= PROBLEM REQUIREMENTS =
In the data below, find the line with "New Era Pittsburgh" and output it along with every later line, exactly, but not the pictures.

= DATA BLOCK =
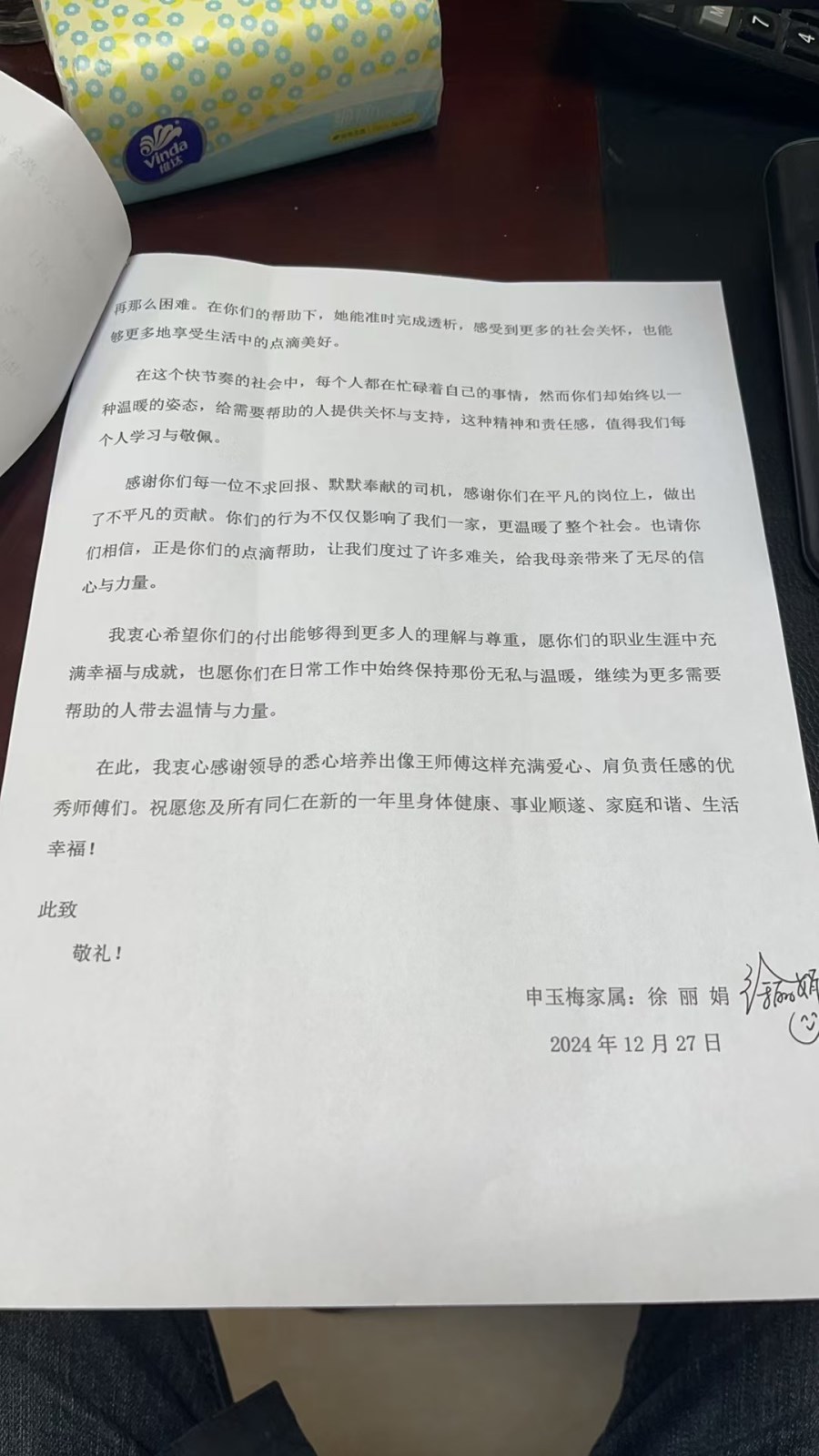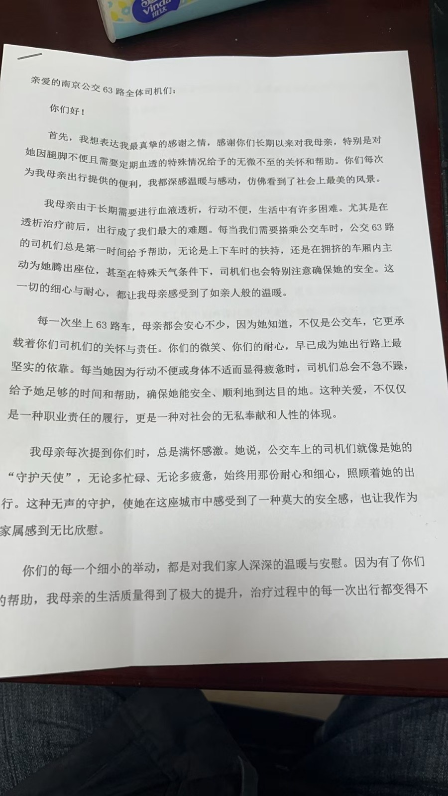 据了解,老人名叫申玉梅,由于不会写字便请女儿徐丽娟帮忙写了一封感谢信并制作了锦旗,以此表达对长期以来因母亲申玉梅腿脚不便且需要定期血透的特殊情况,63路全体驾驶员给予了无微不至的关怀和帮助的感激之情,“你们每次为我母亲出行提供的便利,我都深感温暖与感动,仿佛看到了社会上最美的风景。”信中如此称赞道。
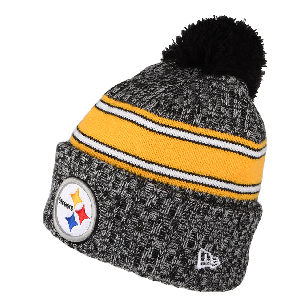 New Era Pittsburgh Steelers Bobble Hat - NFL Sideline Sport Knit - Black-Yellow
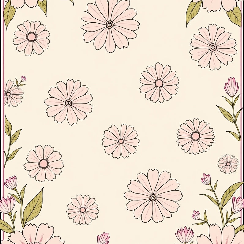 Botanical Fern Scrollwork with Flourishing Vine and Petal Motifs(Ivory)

= OUTPUT BELOW =
 New Era Pittsburgh Steelers Bobble Hat - NFL Sideline Sport Knit - Black-Yellow
 Botanical Fern Scrollwork with Flourishing Vine and Petal Motifs(Ivory)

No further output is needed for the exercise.